Thank you for visiting and if you feel so inclined to donate, thank you for that as well.
We do this walk and spread awareness for our five year old daughter. She was diagnosed with NS in November of 2019. After multiple ear infections and her body swelling she one night was beyond exhausted and throwing up. By the next morning she was super swollen and her stomach was sticking out. Hospital visit and after many tests she was diagnosed with nephrotic syndrome and we spent four days in the hospital on different meds to bring her edema down. Fast forwArd to February and after many remissions and ultimately a final relapse she was not responding to the high dose of steroids. By now she is complaining of severe stomach pain and begins throwing up bad after Lasik and diuretic at home. Hospital again for a week stay this time , which was followed by a kidney biopsy and a endoscopy of her stomach . With those tests it was determined she has minimal change disease and ulcers. Which even with her antacids and steroids her stomach was bad and her body was no absorbing her meds there for spilling protein and high doses.
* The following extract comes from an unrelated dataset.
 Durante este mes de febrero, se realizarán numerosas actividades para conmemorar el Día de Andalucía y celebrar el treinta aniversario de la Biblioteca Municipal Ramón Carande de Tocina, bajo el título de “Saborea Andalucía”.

She was then put on stomach coating meds and FINALLY after so much pain and edema her body was responding. We are now in May (scary virus time) and she has been in remission for almost two months. We have slowly started tapering her each week a bit more. Her body seems to be responding. We went from 13ml of steroids daily to 3.5 right now and her kidneys seem to be doing good and her body is starting to create its own steroids as we lower the dose. Hoping by the end of June she will be med free , building a immune system and gaining her energy back. As well as loosing some of that steroid weight . Will update In a few months.
Thank you for reading , and donating to help find a cure for so many children who suffer this rare disease.